Table 3 Unadjusted and adjusted odds ratios for predictors of persistent high-risk (hr) human papillomavirus (HPV) infection (n = 71)
Table 4 Worse cytological and histological findings in women living with HIV with persistenta and clearedb high-risk (hr) human papillomavirus (HPV) infection during the study period 2011–2014 (n = 71)

Discussion

In this prospective cohort study of well-treated, hrHPV-positive WLWH in Denmark, more than 40% of the hrHPV positive had persistent hrHPV infection, a third had multiple hrHPV infections. HrHPV genotypes other than HPV16 and 18 predominated. CD4 < 350 cells/μL predicted genotype-specific hrHPV persistence. Cytological abnormalities were predicted by short duration of ART and prior AIDS.

Some have challenged the idea of inclusion of concurrent HPV testing in WLWH, due to the high incidence of cervical hrHPV in WLWH > 30 years of age, which may reduce the benefit of a combined HPV test and cervical cytology for CC screening in this population [32]. Still, a better triage test for HPV-infected WLWH to improve efficiency of cervical screening is of importance. While HPV testing offers many advantages over liquid-based cytology and is more sensitive in detection of high-grade precancerous lesions [33, 34], cervical cytology is more specific. However, in the WLWH population with a high HPV prevalence, HPV screening can lead to over-referral and adverse events associated with overtreatment (6). In Denmark more than 10% of WLWH have had a cone biopsy performed compared with 4% of women in the general population and the intervention was performed at earlier CIN stages [35]. Whether this reflects a more aggressive clinical practice for WLWH than women without HIV is unknown.

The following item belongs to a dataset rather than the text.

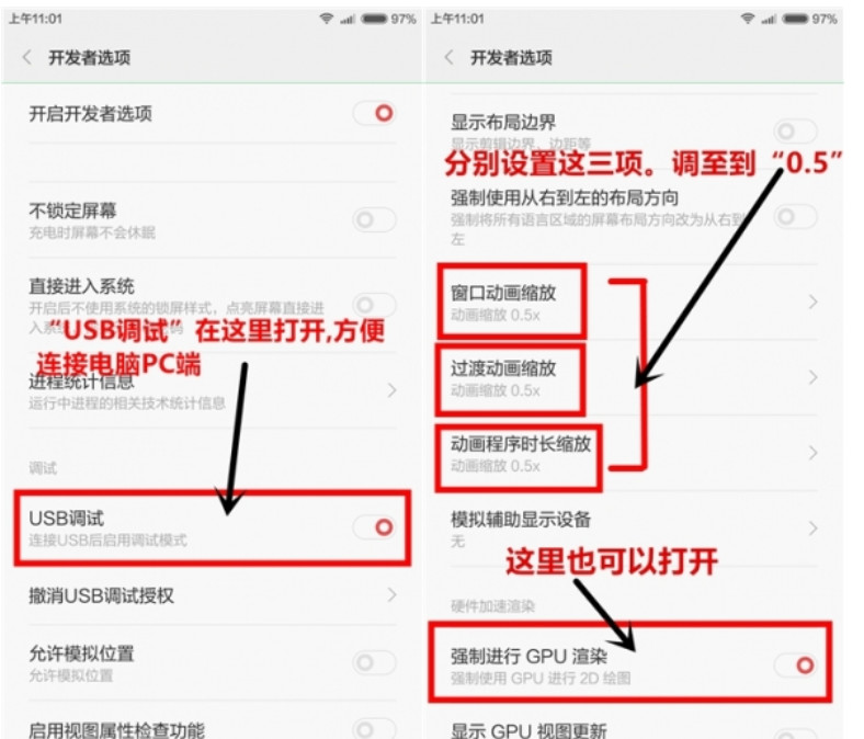 打开“USB调试”方便后连接电脑PC端,也可以什么时候使用什么时候打开。【右图】这里所示的动画时长效果,都是可以调节长短的,建议选择“0.5X”,你也可以选择【关闭】。“强制进行GPU渲染”也最好打开。

The relationship between HIV infection, persistent hrHPV and CC is not well understood [36]. It has been suggested that a combination of increased susceptibility to HPV infection, decreased ability to clear the infection caused by impaired cell-mediated immunity, and reactivation of latent HPV infection associated with immunosuppression could explain the both increased prevalence, incidence and persistence of hrHPV among WLWH [10]. A small study of 19 WLWH and 19 HIV-negative women suggested that high regulatory T-cells and low plasmacytoid dendritic cells levels might be associated with hrHPV persistence in both groups [36].

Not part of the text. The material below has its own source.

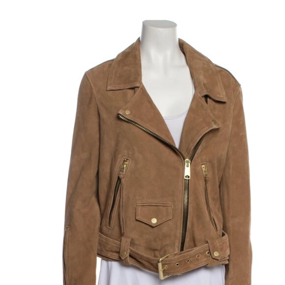 | Characteristics of goods | 75"Waist: 37"Shoulder: 17. Good condition. AllSaints Goat Leather Biker Jacket Size MBrown/TanMoto stylePointed CollarZip Pockets & Zip ClosureRemovable beltSoftest leather similar to suede.25"Length: 24"Sleeve: 29.Estimated item measurementsBust: 37. Light wear on the leather.5" Classy, edgy vibe. | ||

In Denmark, CC is highly prevalent [37] and our current findings on persistence is mirrored in a study including 2874 women from the general Danish population where hrHPV persistence was found in 31.4% of the hrHPV positive women [29], with a follow-up of 1 to 4.5 years vs. 2 years in the present study.

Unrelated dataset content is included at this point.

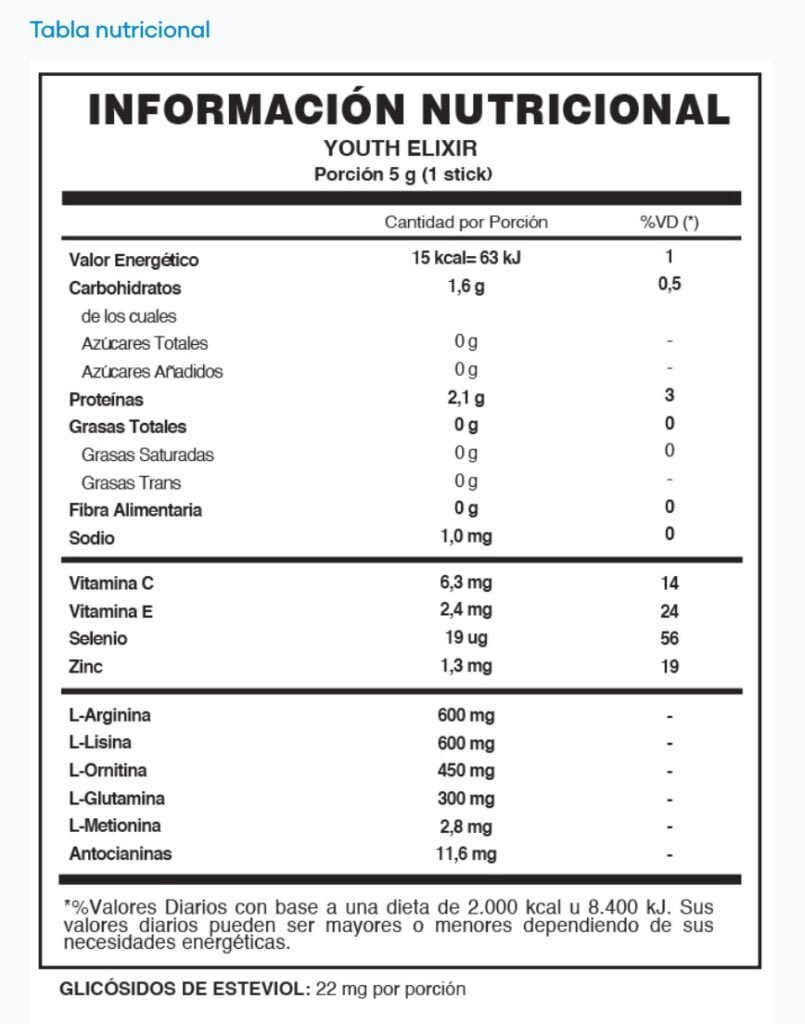 Si estás tomando algún medicamento o tienes alguna condición médica, consulta a tu médico antes de consumir Youth Elixir.

In the present study persistent genotype specific hrHPV infection was defined as hrHPV persistence lasting at least 1 year as done previously [29] and found in 43.7% of WLWH. Comparison of hrHPV persistence rates with other studies is in general hampered by variations in HPV detection between used molecular HPV tests [30] and in the definition of persistence [1, 38]. A study in WLWH from Nigeria found a 6 months hrHPV persistence rate of 15.9% using the SPF10-LiPA HPV test, which is highly sensitive for detection of HPV genotypes [14]. Likewise, the MACH-1 study, where the persistence rate was 55.8%, defined persistence as being positive in two samples more than 6 months apart [32] using the Hybrid Capture 2 (HC2) hybridization assay and genotyping HC2 positive samples using HPV Line Blot Assay. For both studies, the interval to define persistence was short, and the used HPV testing strategy designed to pick up HPV infections with a high sensitivity. In contrast, a Brazilian study of HPV infected, pregnant WLWH with a test interval of 18 months found hrHPV persistence in 18 of 90 women (20.0%) if the study was re-calculated to the 13 genotypes considered hrHPV in the present study [30], but the pregnant status of the enrolled women changes the premise as previous studies have found HPV clearance to be more likely occur late in pregnancy or postpartum, than in the first two trimesters [30, 39]. Finally, an Italian study found 27/35 (77.1) WLWH to have hrHPV persistence at the end of 14 months follow-up [40].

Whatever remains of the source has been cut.